Many parents try to teach the value of money with methods like a weekly allowance. The catch with an allowance, as most parents implement it, is that it creates a fixed labor mindset: you do X and you get Y, and that rarely changes. Reality is far from that; from uncertain job markets to entrepreneurship, life is rarely so predictable or secure. Allowances also tend to teach that it’s okay to do the minimum amount of work to earn the minimum amount of money, which is not a life lesson I want to reinforce.
What I’d like my kids to learn instead is that with the right mix of time, effort, and knowledge, they can achieve more than just the minimum. They can create results – including money – which go beyond just punching a clock for 8 hours a day or collecting federal minimum wage. If they want something, they’ll have the tools and talent to generate the necessary resources to earn that something. What they will need to provide is focused effort – and that’s a lesson for all of us. Every day, we make choices that improve or diminish our lives, from what we eat to who we call friends to what we do with our leisure time.
This multi-part series will tackle the fundamentals of marketing as it applies to a home-based business. My eldest child is interested in setting up an Etsy-style shop, so in this series we’ll look at the basics of setting up a home-based business and focus on the marketing of the products. We’ll start with things like the USP – the unique selling proposition – and customer profile, walk through the necessary marketing technology infrastructure, and build out a marketing plan that a technically savvy tween/teen can execute reliably.
Will my child strike it rich with these techniques? Probably not. Will they create a reasonably reliable, consistent stream of income above and beyond their allowance? As long as they put in the work. I’ll provide the tools and knowledge; they have to provide the effort.
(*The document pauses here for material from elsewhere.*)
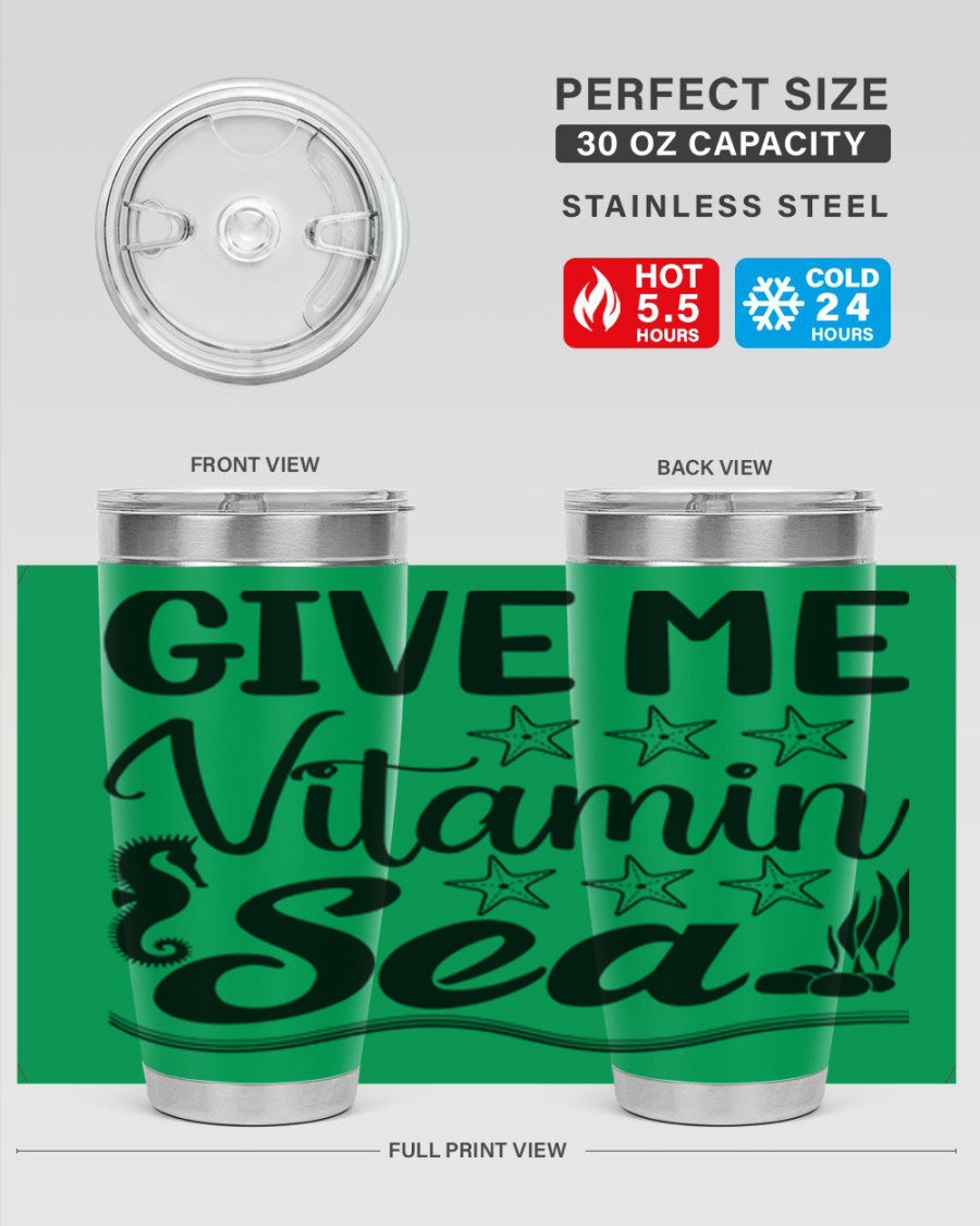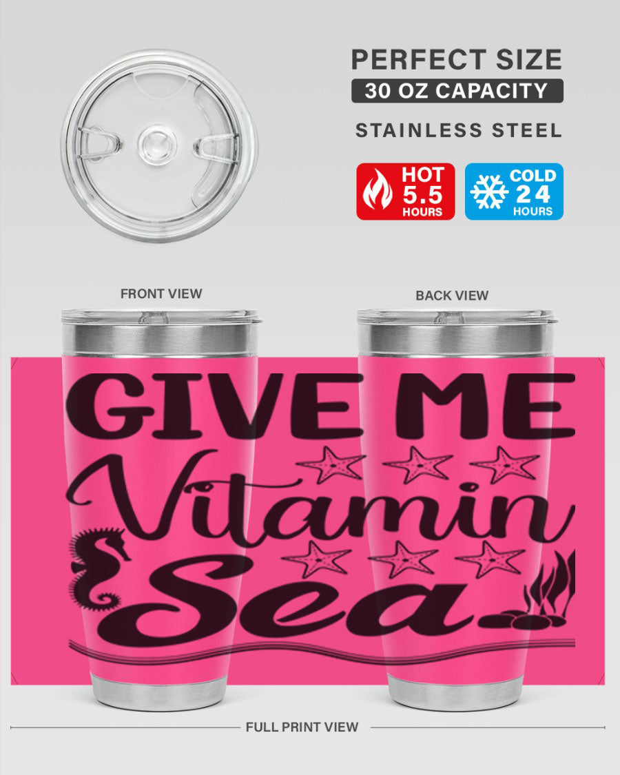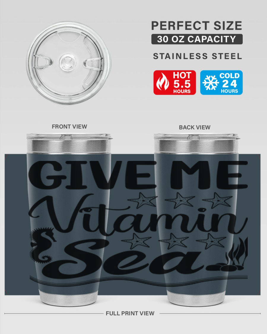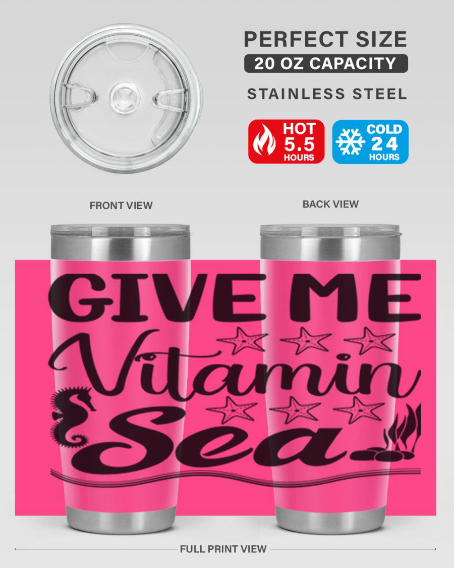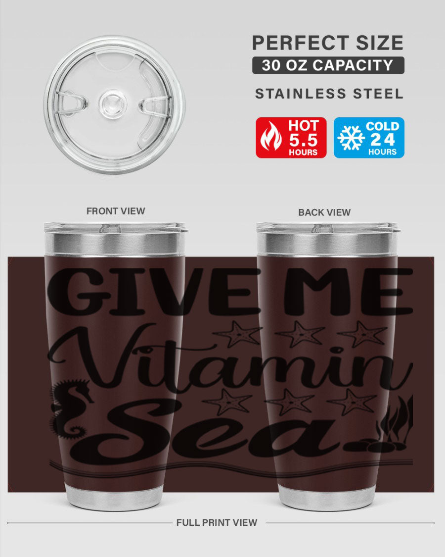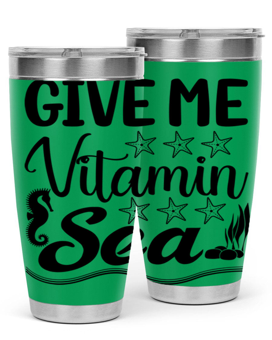 While the tumbler does not include embellishments such as rhinestones, its simple yet elegant design speaks for itself. The Give Me Vitamin Sea tumbler is perfect for anyone looking to add a touch of ocean-inspired flair to their drinkware collection.

If you’re a parent, or someone who wants to develop a “side hustle”, please join me on this journey over the next few posts. I also want to emphasize that this is not the “right” way to parent, nor are the lessons I want to teach my kids necessarily the lessons you should want to teach yours. This is one person’s opinion only; take whatever is valuable and leave what isn’t. The only people I take responsibility for are my own kids.